REPUBLIKA.CO.ID, JAKARTA -- Bank Dunia merevisi naik proyeksi pertumbuhan ekonomi Indonesia 2024. Berdasarkan proyeksi terbaru Bank Dunia, ekonomi RI tahun ini bisa tumbuh 5 persen dibandingkan proyeksi sebelumnya yang sebesar 4,9 persen.
"Ke depannya, perekonomian diperkirakan memperoleh manfaat dari peningkatan konsumsi masyarakat dan investasi, namun akan menghadapi hambatan, terutama dari memburuknya kondisi perdagangan," kata ekonom senior di Bank Dunia Wael Mansour terkait Laporan Prospek Perekonomian Indonesia edisi Juni 2024 kepada media di Jakarta, Senin (24/6/20240.
Bank Dunia juga merevisi naik pertumbuhan ekonomi Indonesia pada 2025 menjadi 5,1 persen dari perkiraan sebelumnya 4,9 persen, dan pada 2026 menjadi 5,1 persen dari proyeksi sebelumnya 5 persen.
Oleh karena itu, dalam laporan terbarunya tersebut, Bank Dunia memproyeksikan pertumbuhan ekonomi atau produk domestik bruto (PDB) Indonesia rata-rata mencapai 5,1 persen selama periode 2024-2026, didukung oleh peningkatan konsumsi masyarakat.
Wael menuturkan konsumsi akan terus mendorong pertumbuhan, didukung oleh peningkatan konsumsi masyarakat seiring dengan diberlakukannya program belanja sosial baru dari pemerintahan mendatang. Dengan meningkatnya belanja sosial dan investasi publik, defisit fiskal diperkirakan akan lebih tinggi namun tetap dalam batas 3 persen.

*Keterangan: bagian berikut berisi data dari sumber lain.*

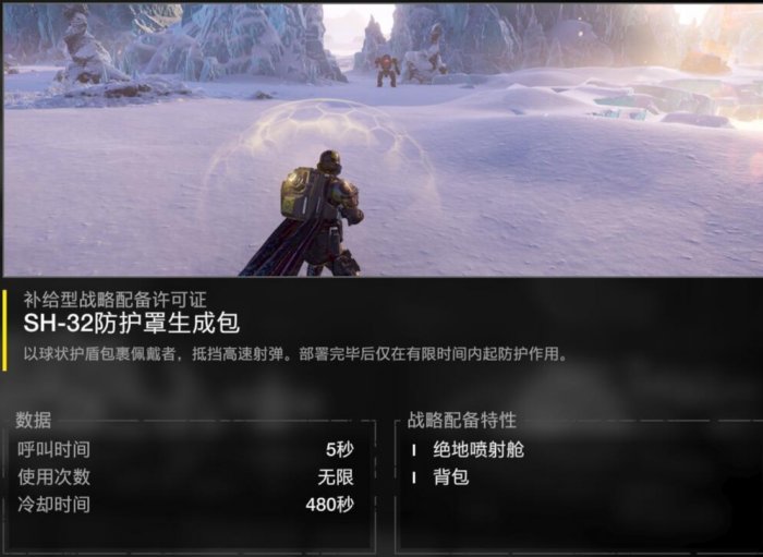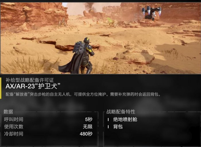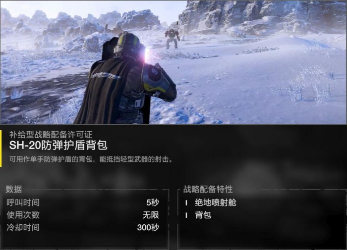 在这里提一句,这个游戏有个俗称的背包位,字面意思就是背在背上,蛋盾/漫游犬/喷气背包都是占用背包位的,机炮/飞矛等某些支援武器自带一个背包补充弹药,与蛋盾等冲突,一般不同时带,但是背包也可以给队友带让他给你补充弹药,如果你能找到人心甘情愿给你背包,就可以同时带

"Posisi eksternal diperkirakan akan tetap penuh tantangan karena lambatnya pemulihan tekanan perdagangan dan pembiayaan global," ujarnya.
Selain itu, defisit transaksi berjalan diproyeksikan melebar secara bertahap dan mencapai 1,6 persen PDB pada 2026, karena harga komoditas yang lebih rendah dan ketidakpastian global menghambat ekspor.
Prospek tersebut mempunyai beberapa risiko penurunan. Suku bunga yang tinggi dapat membebani biaya pinjaman dan memperketat akses terhadap pembiayaan eksternal, sehingga meningkatkan biaya pembayaran utang pemerintah.
Guncangan eksternal seperti potensi peningkatan konflik bersenjata atau ketidakpastian geopolitik dapat mengakibatkan penurunan nilai tukar perdagangan yang lebih tajam dari perkiraan. Hal ini mengakibatkan penurunan pendapatan dan posisi fiskal yang lebih ketat.
"Sikap fiskal semakin longgar seiring dengan meningkatnya belanja sosial dan berkurangnya rejeki nomplok komoditas, sementara peningkatan pembayaran utang dapat berdampak pada belanja pembangunan prioritas," tuturnya.